Drill Dozer was suggested by GamesRadar writer Matt Bradford to be featured in the 3D Classics line of Nintendo 3DS games, stating that it would be a good opportunity for it to be rediscovered. Nintendo Life writers Gavin Lane and Alana Hagues hoped to see Drill Dozer added to the Nintendo Switch via its Nintendo Switch Online service. Its Wii U re-release was well-received by USgamer writer Bob Mackey, who stated that the creative spark behind Pokémon could be found in this game. He felt that it likely did not get the attention it deserved, and said that it was worth buying for the price.
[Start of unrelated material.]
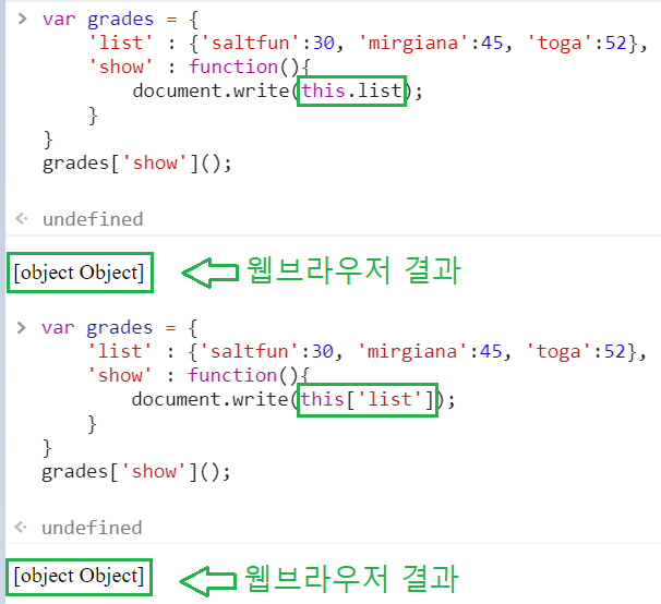 앞에서 설명할 때에는 문자열이 원시 데이터타입이라고 해놓고서는 위의 코드를 보면 문자열은 분명히 프로퍼티와 메소드가 있다. str과 length사이에 있는 점은 Object access Operator 객체 접근 연산자이다. 즉 점을 썼을 때 점 앞에 있는 것은 객체라는 뜻이다. 그렇다면 객체다. 그런데 왜 문자열이 객체가 아니라고 할까? 그것은 내부적으로 문자열이 원시 데이터 타입이고 문자열과 관련된 어떤 작업을 하려고 할 때 자바스크립트는 임시로 문자열 객체를 만들고 사용이 끝나면 제거하기 때문이다. 이러한 처리는 내부적으로 일어난다. 그렇기 때문에 몰라도 된다. 하지만 원시 데이터 타입과 객체는 좀 다른 동작 방법을 가지고 있기 때문에 이들을 분별할 필요가 있다.

Nintendo Life writer Dave Frear appreciated the rumble pack functionality in the Wii U release, stating that it was unusual to play with a Wii Classic Controller due to the lack of rumble in it.

==Legacy==
In the 2008 video game Super Smash Bros. Brawl, Jill and her Drill Dozer appear as a summonable character that can aid a player against other players. Nintendo Switch 2 Welcome Tour, a game created to explain the mechanics of the Nintendo Switch 2, features an in-game exhibit of Nintendo games with vibration functions, which displayed Drill Dozers box and cartridge. The video game Giga Wrecker, also developed by Game Freak, was described by director Masayuki Onoue as having the essence of Drill Dozer. It has been compared to Drill Dozer by critics at multiple websites, including Automaton and IGN Japan.